Push to Amazon Glacier using amazonka

Here is a small Haskell package for pushing files to Amazon Glacier: https://github.com/carlohamalainen/glacier-push. It uses Brendan Hay’s amazonka API, in particular amazonka-glacier.

One thing that I couldn’t find in amazonka was a way to calculate the tree hash of a file. The Glacier API needs this for each part that is uploaded as well as the whole file. Amazon explains how to calculate the tree hash in their Glacier docs and provides sample code in Java and C++. Since the algorithm is recursive, it is quite short in Haskell:

oneMb :: Int64
oneMb = 1024*1024

treeHash :: BS.ByteString -> Hash
treeHash s = treeHash' $ map sha256 $ oneMbChunks s
    treeHash' []  = error "Internal error in treeHash'."
    treeHash' [x] = B16.encode x
    treeHash' xs  = treeHash' $ next xs

    next :: [BS.ByteString] -> [BS.ByteString]
    next []       = []
    next [a]      = [a]
    next (a:b:xs) = sha256 (BS.append a b) : next xs

    oneMbChunks :: BS.ByteString -> [BS.ByteString]
    oneMbChunks x
      | BS.length x <= oneMb = [x]
      | otherwise            = BS.take oneMb x : oneMbChunks (BS.drop oneMb x)

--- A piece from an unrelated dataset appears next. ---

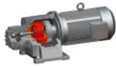
Maag 316 cinox® magdri- ve (with heatable magne- tic coupling)

    sha256 :: BS.ByteString -> BS.ByteString
    sha256 = cs . SHA256.hashlazy

To push a large file to Glacier we do three things: initiate the multipart upload, upload each part (say, 100Mb chunks), and then finalize the upload.

Initiate the multipart upload

We do this to get an uploadId which is then used for each of the multipart uploads. We use initiateMultipartUpload, and need to set the part size.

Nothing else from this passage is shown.